El cristianismo entró sólo con grandes dificultades a Corea. A comienzos del siglo XIX no había todavía sacerdotes nativos. Muy pronto iba a ordenarse el primero, el padre Andrés Kim, que fue martirizado a sus 27 años de edad, a poco tiempo de volver a su país después de ordenarse en China. Con toda razón el padre Kim es recordado, amado y venerado en la península coreana, que recibió de aquella sangre un impulso prodigioso.
La historia del segundo sacerdote, el padre Tomás Choé, es edificante en grado sumo. Tanto su padre, Francisco, como su madre, María-í, eran católicos, y como tales fueron llevados a prisión. Las legendarias torturas de los orientales eran aplicadas de manera sistemática, con enorme sadismo sobre los cristianos, considerados enemigos del país. Francisco murió después de horrendas torturas. Su esposa, María-í, estaba también en la cárcel y cuidaba como podía del más pequeño de los hijos, de sólo dos años de edad.

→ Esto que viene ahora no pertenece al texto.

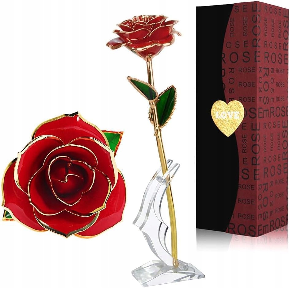 Ця троянда, оздоблена золотом і сяючим відтінком, символізує любов, чарівність і унікальність. Кожна троянда ретельно упакована, щоб не пошкодити делікатний виріб, у красиву подарункову коробку, що покращує якість подарунків. Включає підставку для демонстрації. Це показує вашій коханій людині, що ваша любов і прихильність до неї такі ж глибокі й цінні, як золото, яке прикрашає троянду.
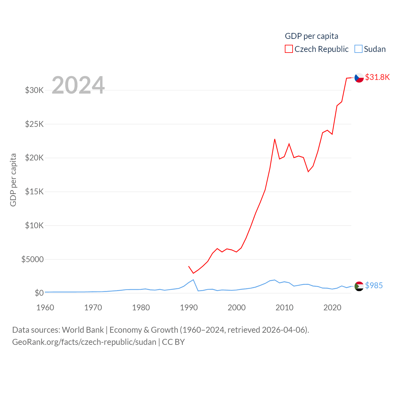 By GDP, The Czech Republic ranks 44/197 ($347B) and Sudan ranks 94/197 ($49.7B). By GDP per capita, The Czech Republic ranks 39/197 ($31,823), while Sudan ranks 179/197 ($985).
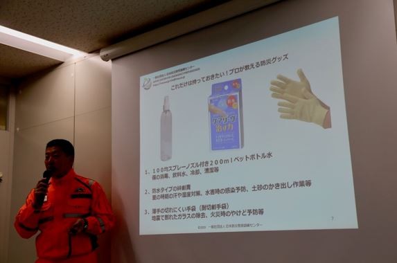 ワークショップでは「就寝中に大地震が起きたらどうするか?」という質問からスタート。また非常時の持ち出し品として、携帯ラジオや懐中電灯、非常食、衣類だけでなく、女性や子供に特化した防災グッズも必要になるとの話が伺えた。
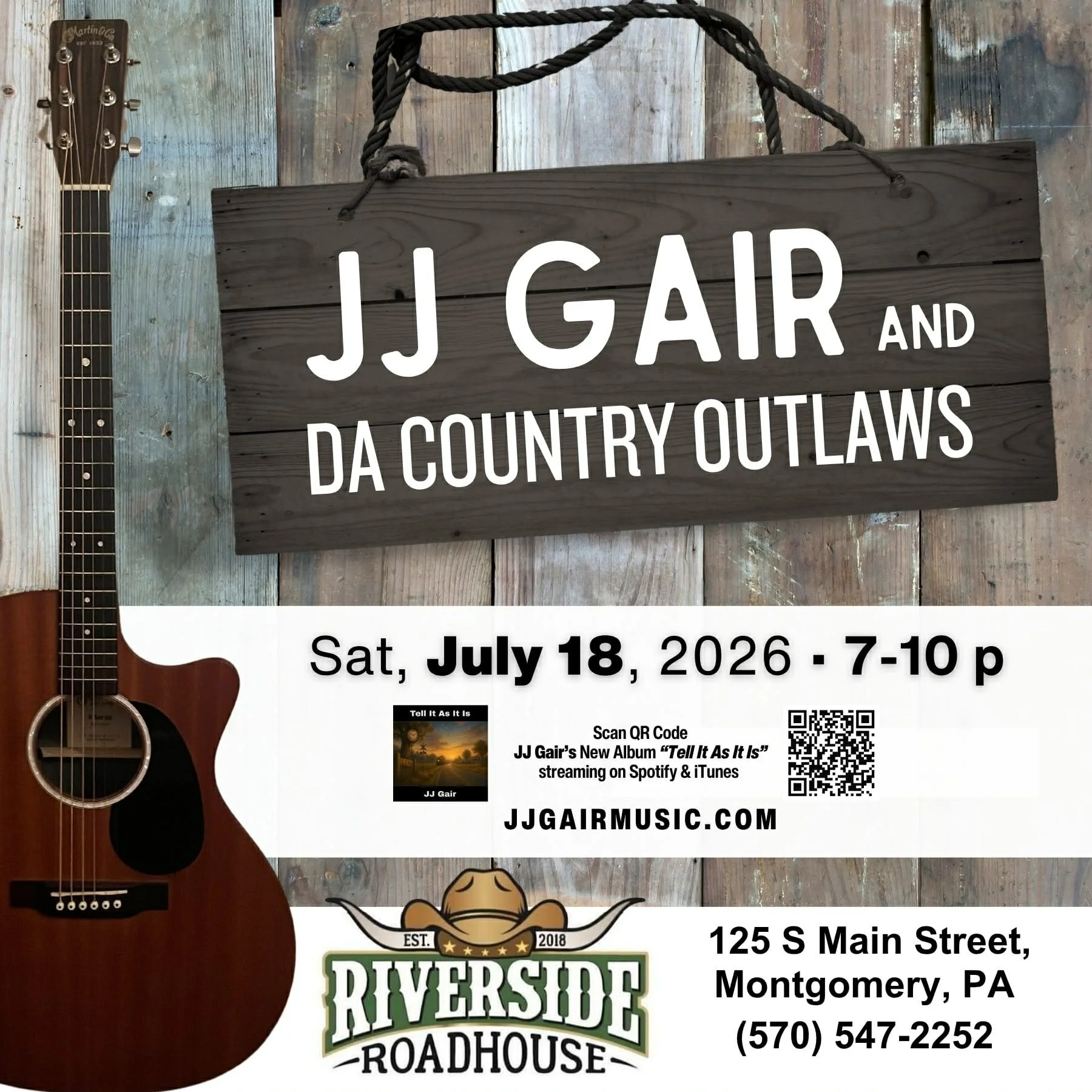 JJ Gair and Da Country Outlaws bring their high-energy country show to Riverside Roadhouse, featuring JJ's original songs along with classic country covers that keep the crowd on their feet and the room moving all night long. JJ's new album Tell It As It Is is now streaming on Spotify & iTunes.

Las autoridades coreanas ofrecían a los prisioneros la tentadora posibilidad de librarse de los sufrimientos: bastaba con renegar de a fe cristiana. Decir unas cuantas palabras de apostasía y blasfemia, dejar constancia en los archivos del gobierno, y quedar libre: todo muy sencillo.
María-í se sentía fortalecida por Dios para seguir el camino de su esposo, ya muerto. Pero no se sentía capaz de abandonar a la nada el niño de dos años. Entonces le ganó su corazón de madre. Le pidió perdón a Dios por lo que iba a hacer, y renegó de la fe cristiana. Las autoridades cumplieron su palabra, y, bien satisfechos de comprobar que el binomio tortura-promesas acobardaba a los cristianos recrudecieron los tormentos sobre la población cristiana cautiva.
La pobre mujer salió de la cárcel con su hijo, que en el fondo había sido el motivo de su apostasía. Según cuenta el proceso de canonización, apenas salía de la cárcel se sintió muy mal por lo que había hecho porque había negado a su Redentor, el amor de su alma, Cristo Jesús.
Estuvo mediatndo y orando qué hacer, y al final tomó la decisión que parecía peor: volvió a proclamar su fe cristiana. De inmediato la encarcelaron a ella, sin compasión alguna por su hijo pequeño. Esta madre hizo lo imposible por conservar la vida de su hijo pero al final tuvo que verlo morir de hambre en la prisión en la que a ella le esperaban los peores tormentos. En cierto sentido, su martirio fue doble, porque su corazón se moría de ver morir a su hijo sin poder hacer nada.
Entre burlas e insultos fue maltratada con sevicia, y al final murió por Cristo.
Francisco y María-í Choé, un matrimonio de mártires, fueron los papás del segundo sacerdote de Corea, el padre Tomás Choé. Fue este un hombre de increíble generosidad y una sabiduría enorme. Recorrió decenas de poblaciones llevando la Palabra de Dios y el consuelo del Señor allí donde había católicos. Durante semanas tenía que caminar 35 y 40 kilómetros diarios. Falleció de agotamiento hacia sus cuarenta años de edad. La gente de Corea lo llama “mártir del sudor” porque no se reservó nada para sí, con tal de llevar la gente hacia Jesucristo. Era el ejemplo que había recibido de sus padres.